Explanation: There is only one ball and the only position is marked, so the ball flips every step. The colors alternate white, black, white, black, ...

Solution

def solution(N, marked, operations):
    from math import gcd

    is_marked = [0] * N
    for idx in marked:
        is_marked[idx] = 1

    # q[i] = (-1)^(number of marked positions among 0..i-1 in the doubled ring)
    q = [1] * (2 * N + 1)
    for i in range(2 * N):
        q[i + 1] = -q[i] if is_marked[i % N] else q[i]

    # magnetization[t] = W - B after t steps, for 0 <= t < N
    # A ball starting at i has sign q[i] * q[i+t]. Summing over all i gives W-B.
    magnetization = [0] * N
    for t in range(N):
        total = 0
        for i in range(N):
            total += q[i] * q[i + t]
        magnetization[t] = total

    def format_value(num):
        if num == 0:
            return '0'
        g = gcd(abs(num), N)
        num //= g
        den = N // g
        if den == 1:
            return str(num)
        return f'{num}/{den}'

    if len(marked) % 2 == 0:
        period = N
        values = [format_value(magnetization[t]) for t in range(N)]
    else:
        period = 2 * N
        values = [None] * period
        for t in range(N):
            values[t] = format_value(magnetization[t])
            values[t + N] = format_value(-magnetization[t])

    time = 0
    answer = []
    for op in operations:
        kind = op[0]
        if kind == 'step':
            time = (time + 1) % period
        elif kind == 'kstep':
            time = (time + op[1]) % period
        elif kind == 'color':
            answer.append(values[time])
        else:
            raise ValueError('Unknown operation: ' + str(kind))

    return answer

Time complexity: O(N^2 + Q), where Q is the number of operations.

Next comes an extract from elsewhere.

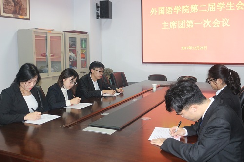 会后,在东二楼306会议室,召开了郑州轻工业学院外国语学院第二届学生会主席团一次会议,选举产生了新一届学生会主席、副主席、秘书长,会议同时对下一阶段的工作进行了全面部署。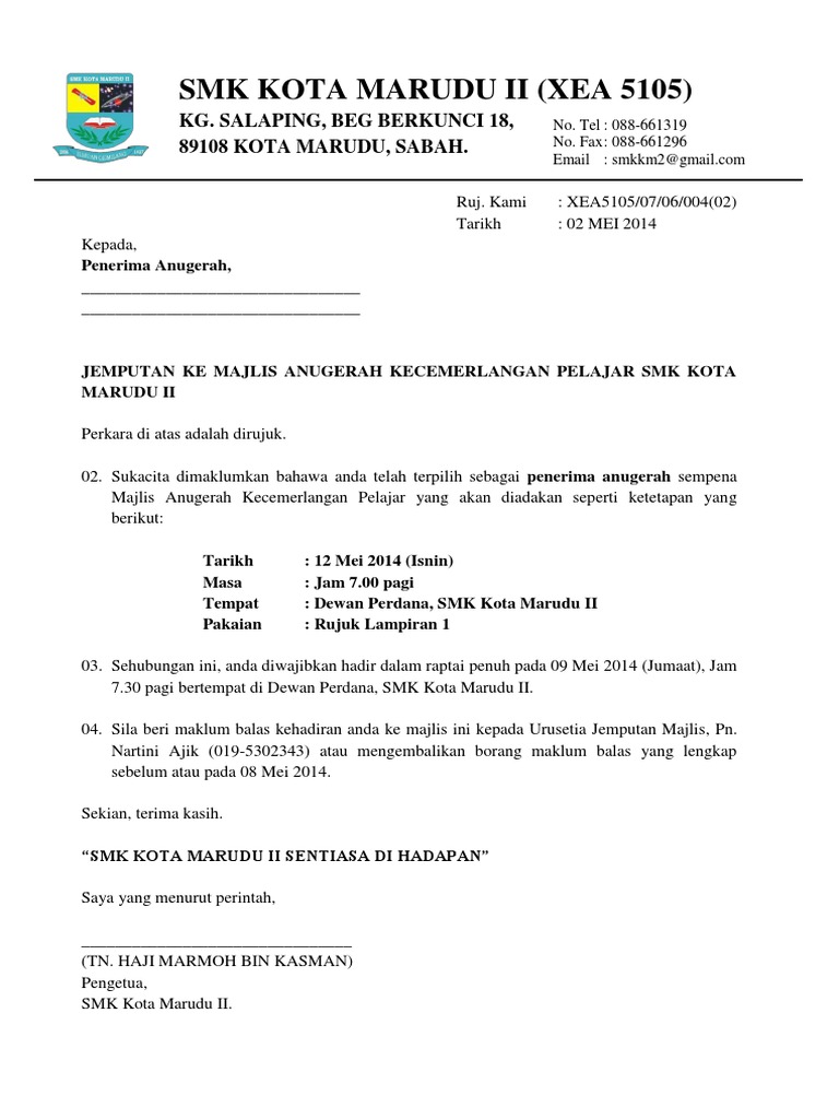 Contoh Surat Rasmi Majlis Anugerah Pelajar Pdf

Space complexity: O(N).

Hints

After N steps, every ball has gone all the way around the ring once. What does that imply about the state, depending on whether the number of marked positions is even or odd?
For a fixed time t, a ball starting at position i flips once for each marked position in the cyclic window of length t starting at i. The total color value depends only on whether each such window contains an even or odd number of marked positions.

Quick Overview

This question evaluates understanding of algorithmic state representation, modular arithmetic, and efficient update/query design by requiring a Kac ring implementation that supports constant-time k-step advancement and O(1) aggregate color reporting.